## What to produce
Set down, exactly as written, the lines from the top of the data to the line that holds "503462 | 2003-MS-69", and omit the pictures.
Top of Data records
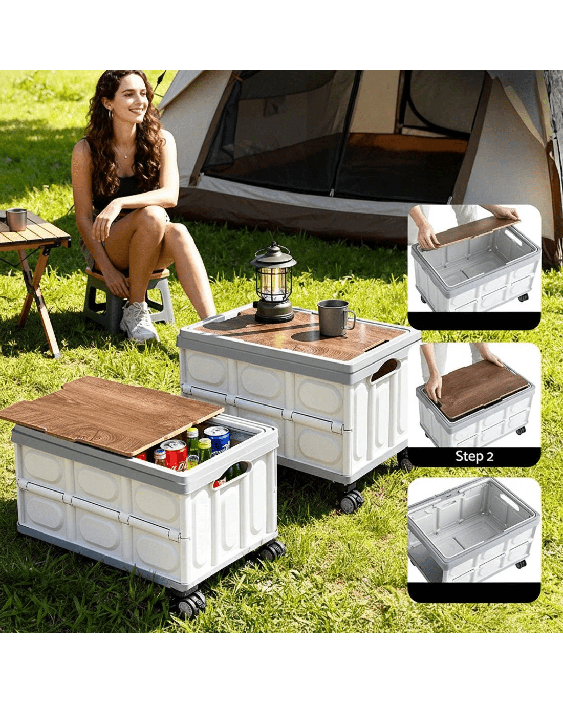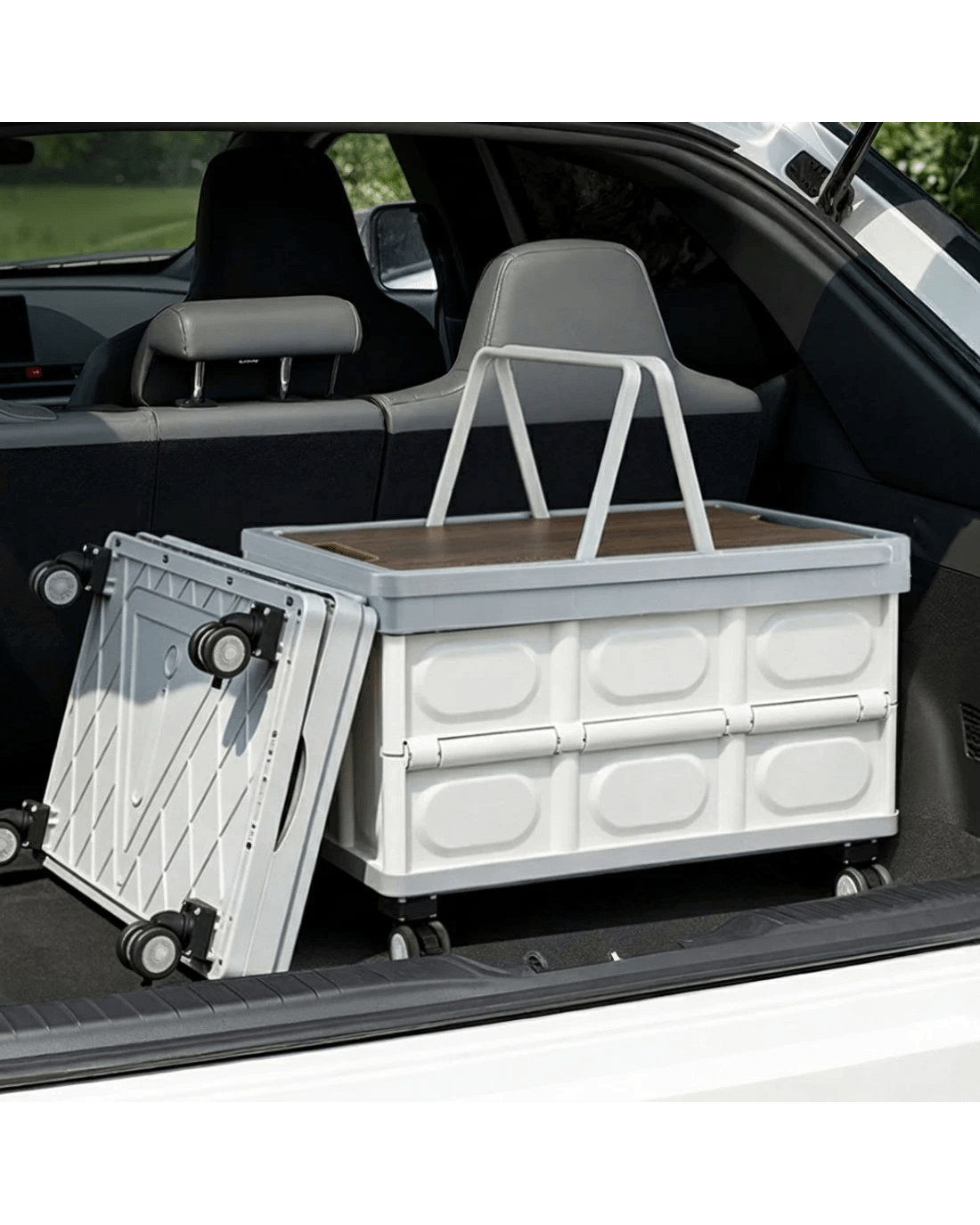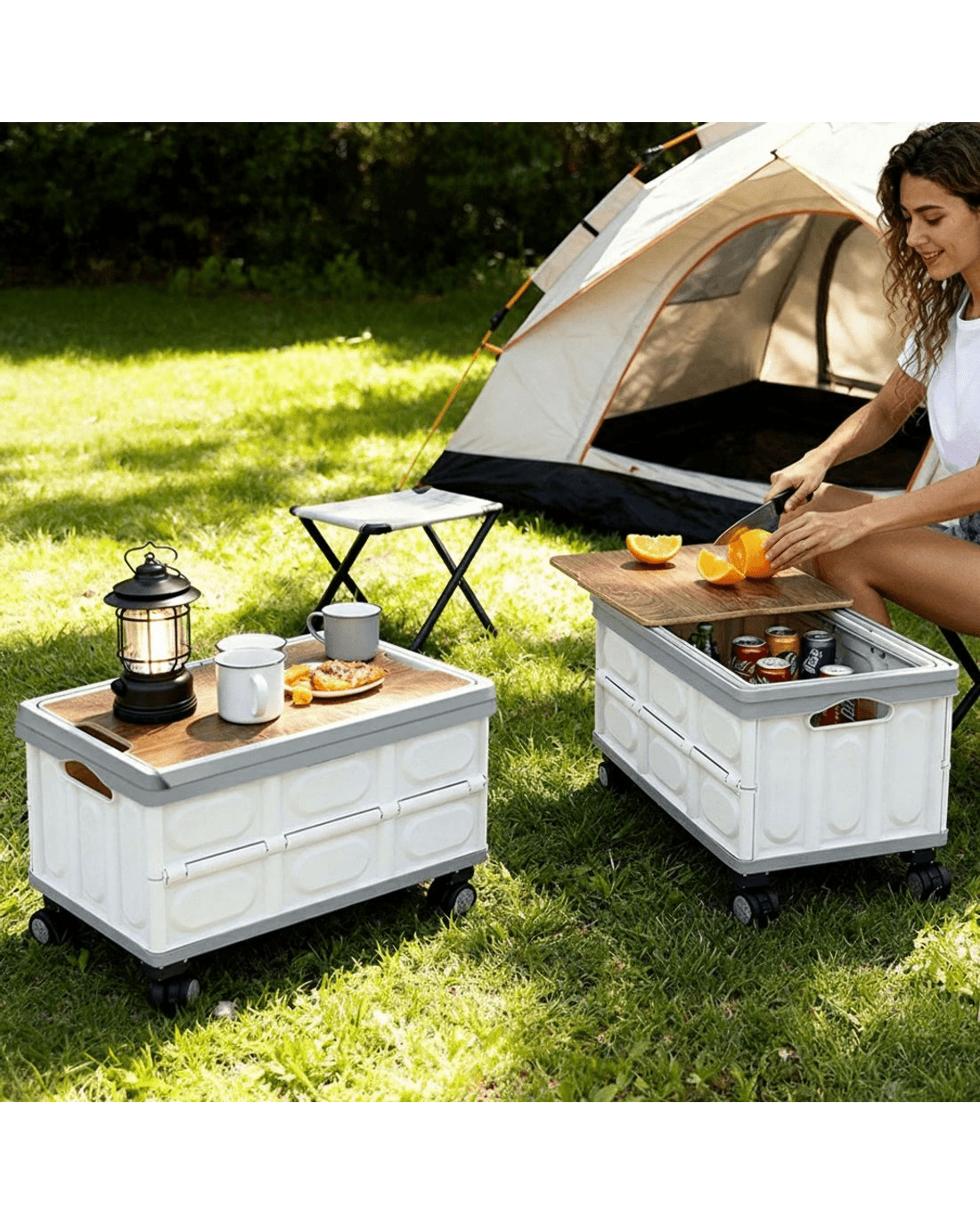 Sold by Aisle SixGardeon Collapsible Outdoor Storage Box 54L Stackable Folding Camping Organizer Wheels Plywood Lid - Multi
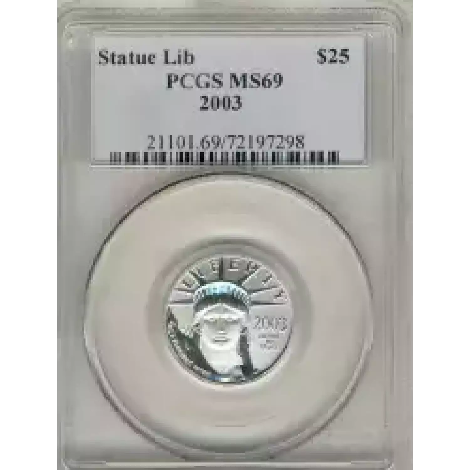 503462 | 2003-MS-69 Bullion $25 Platinum Eagle 1/4 oz PCGS MS-69 | PCGS | MS-69 | Sold: 08/04/2006 | $275 |
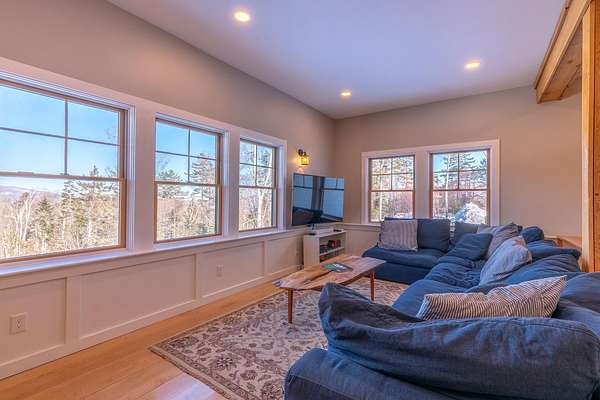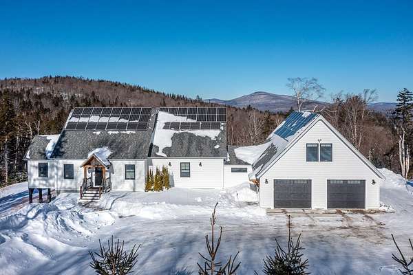 When every window offers a view, the outside world feels close--yet comfortably held at a distance on winter days like these. Set high in the mountains at over 2,100 feet, this inviting contemporary retreat is surrounded by sweeping views in nearly every direction. Just minutes from Okemo Mountain Resort, 30 minutes to Killington, or 35 minutes to Bromley or Magic Mountain--outdoor recreation abounds. The home enjoys 180-degree vistas from east to west, with distant Adirondack peaks visible on clear days and dramatic sunsets that gently wash the sky in color each evening. Built in 2021, the home blends modern comfort with thoughtful, livable design. Four bedrooms and five bathrooms provide easy space for family and guests, while recent additions--including an oversized two-car garage, a welcoming mudroom, and a private upstairs guest suite with a 3/4 bath--make daily living feel effortless and warm. Energy-efficient features such as a 15kW solar system, battery backup, and EV charger offer peace of mind through every season. Nestled into natural stonework and set atop 6.2 acres, the home feels quietly embraced by the landscape, offering privacy, calm, and a deep connection to the mountains. It's a place to linger, to watch the weather roll in, and to truly feel at home. With easy access to ski mountains, shopping, and the charming village of Belmont, the location is as convenient as it is serene--ideal as a vacation retreat or a comfortable, inspiring place to work from home.
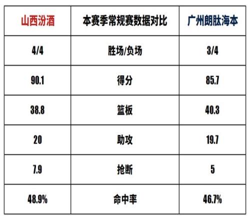 山西汾酒与广州朗肽海本历史上一共交手44次,山西汾酒23胜21负。上赛季两队交手2次,山西汾酒2胜0负。
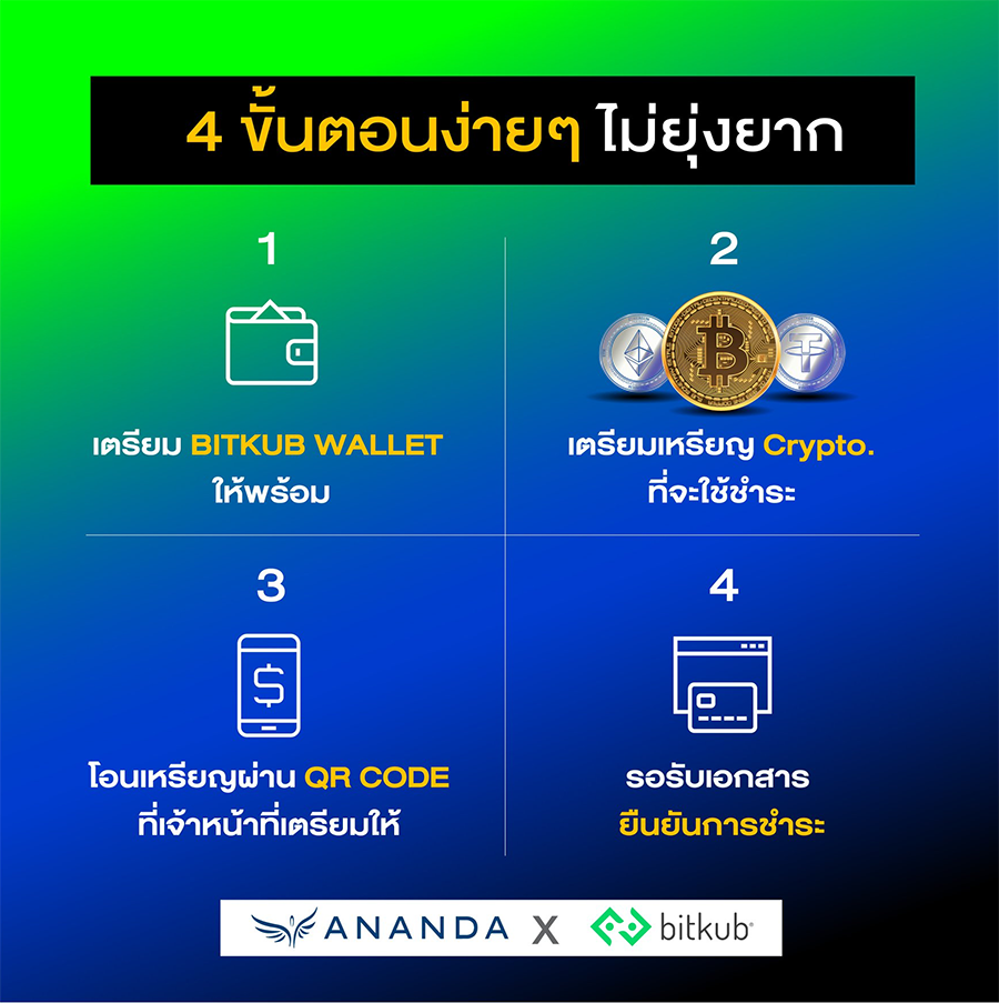 ในปัจจุบันตลาดคริปโทฯ ได้รับความสนใจมากขึ้นเรื่อยๆ เพราะด้วยมูลค่าของตลาดคริปโทฯ มีที่เติบโตขึ้นอย่างก้าวกระโดดโดยเฉพาะในปีนี้ที่มูลค่าของเหรียญ BITCOIN : BTC ขึ้นไปสู่จุดสูงสุดที่เกิน 2,000,000 บ. ต่อ 1 เหรียญ BTC แสดงให้เห็นว่าวิถีการลงทุนในทรัพย์สินของคนยุคดิจิทัลได้เปลี่ยนไป โดยการยอมรับสกุลเงินดิจิทัลในครั้งนี้ คือการส่งเสริมวิถีชีวิตแบบไร้เงินสด เปิดโอกาสให้ผู้คนสามารถชำระค่าใช้จ่ายในการซื้อขายบ้านและคอนโดมิเนียมจากอนันดาฯ ผ่านคริปโทฯ ได้ โดย อนันดาฯ เปิดรับเงินสกุลคริปโทฯ ที่ได้รับการยอมรับในตลาดโลก 3 สกุลประกอบด้วย Bitcoin: BTC*, Ethereum: ETH* และ Tether USD: USDT* ทั้งนี้ ในความร่วมมือดังกล่าวเป็นการเพิ่มโอกาสในการซื้อขายบ้านและคอนโดมิเนียมด้วยการชำระเงินผ่านสินทรัพย์ดิจิทัล โดยมี 4 ขั้นตอนง่ายๆ ดังนี้
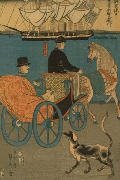 Japanese print shows an American man riding in a carriage along the shoreline in Yokohama, Japan; a dog in the foreground and an American ship in the background. Done by Utagawa Sadahide (1807-1873) in 1861.1861/Japan
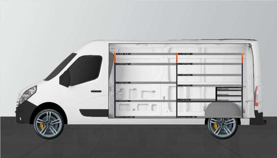 Voici l’un de nos aménagements utilitaires les plus appréciés des conducteurs de Opel Movano, Renault Master & Nissan NV400 L3. L’aménagement LS3 est utilisé tant par les professionnels du bâtiment que par les techniciens SAV, les électriciens, les plombiers, les chauffagistes et les menuisiers. L’aménagement offre d’excellentes possibilités de rangement pour les mallettes à outils, les machines, les consommables ainsi que pour les petits objets. Les tiroirs peuvent être complétés par nos inserts à tiroir et le panneau perforé latéral peut être équipé de nos accessoires Smartbox, crochets, etc.
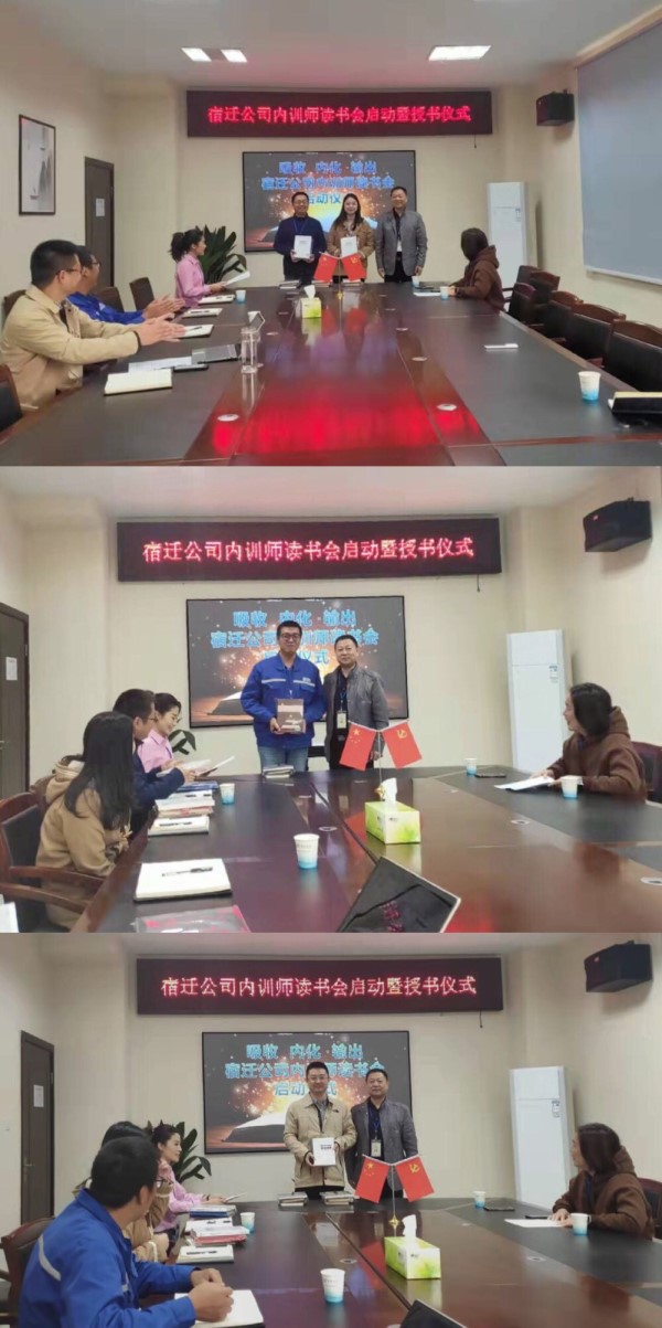 启动仪式共分五大项:一、吴总宣读 《宿迁公司内训师读书会活动实施方案》;二、陈总为内训师们颁发学习书籍和读书笔记本;三、内训师代表发言;四、陈总作重要讲话和指导;五、宣布启动仪式结束。
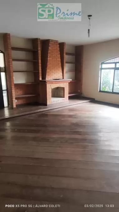 Sala com lareira e piso de madeira;
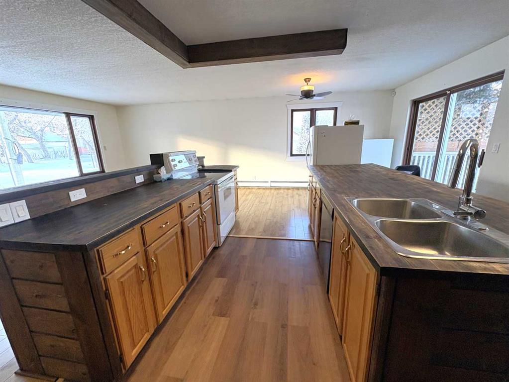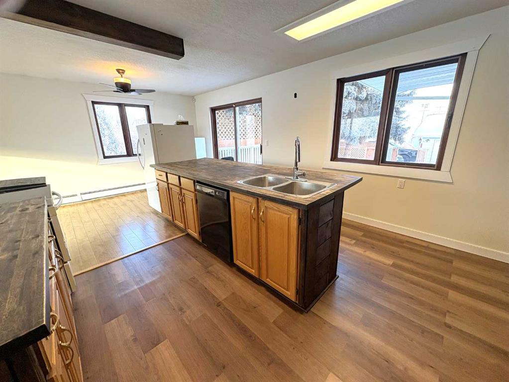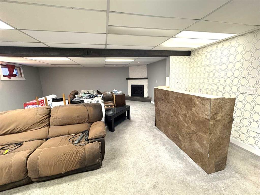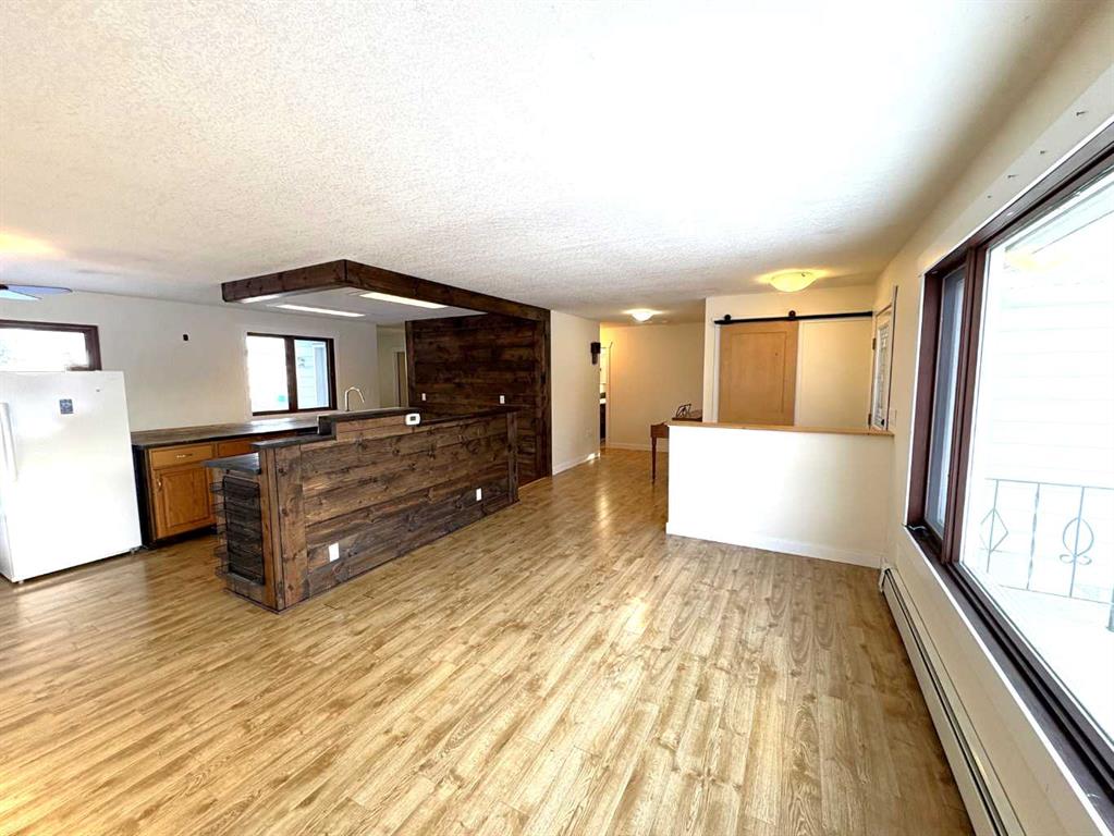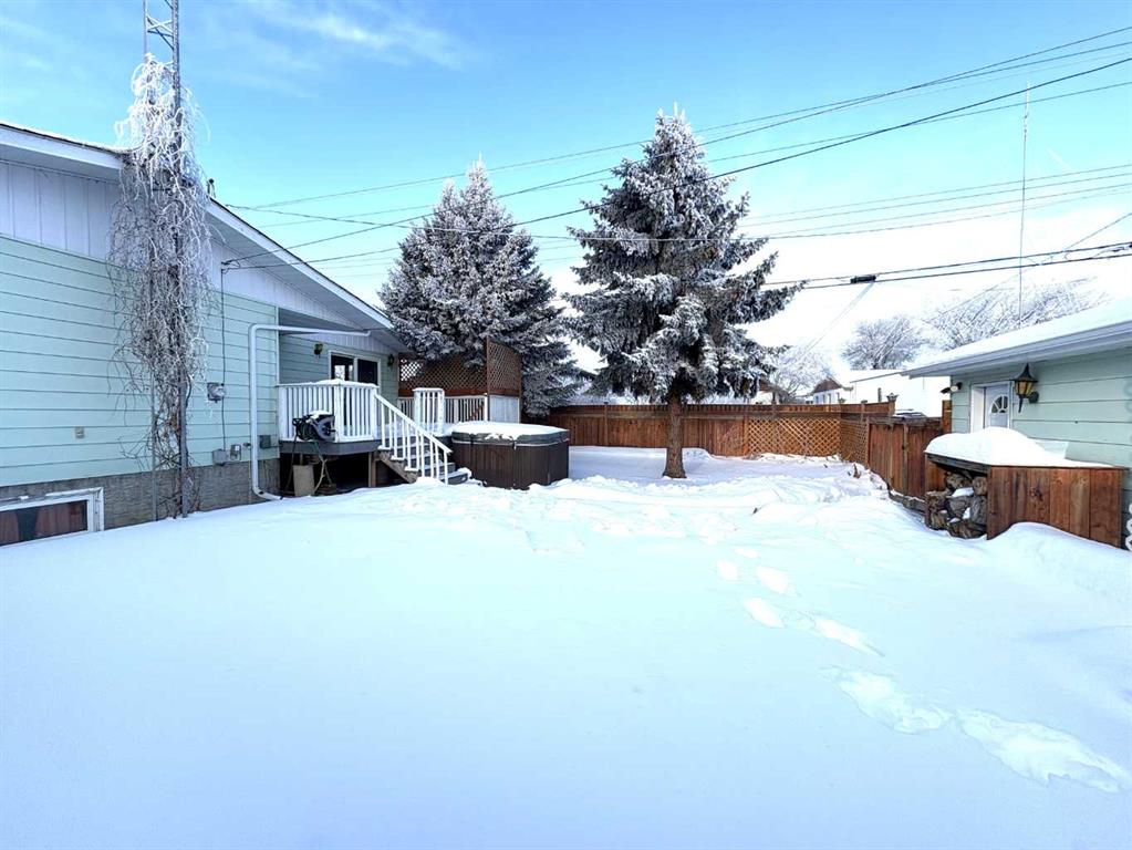 Check out this great family home. 1300 square foot bungalow. Four bedrooms, two full bathrooms, two 1/2 baths. You will love the open floor plan, perfect for entertaining family and friends. The spacious kitchen has two large islands which flow into the dining area. There are sliding doors to back deck. The bright living room has an outside powered roll down storm blind. The primary bedroom has a two piece en suite and walk-in closet, one more bedroom and a newer four piece bathroom. Main floor laundry for your convenience with another two piece bathroom. The finished basement features a large family room with a cozy gas fireplace and wet bar. There are two more bedrooms, another newer three-piece bathroom and two storage rooms. You will love your private fence backyard and maintenance free deck to enjoy your morning coffee. The detached 24‘ x 28‘ insulated garage gives you plenty of room to park and still have room for work area . Enjoy small town living in the vibrant community of Forestburg.
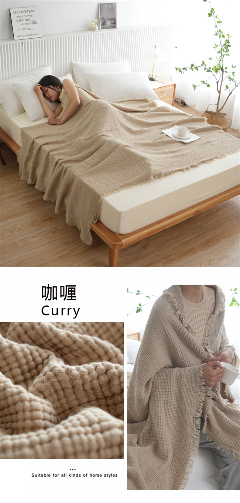 商品名称:凌云家纺 2025新款四层皱皱纱流苏毯盖毯浴巾 咖喱130x170cm
Bottom of Data records
## Answer section
 Sold by Aisle SixGardeon Collapsible Outdoor Storage Box 54L Stackable Folding Camping Organizer Wheels Plywood Lid - Multi
 503462 | 2003-MS-69 Bullion $25 Platinum Eagle 1/4 oz PCGS MS-69 | PCGS | MS-69 | Sold: 08/04/2006 | $275 |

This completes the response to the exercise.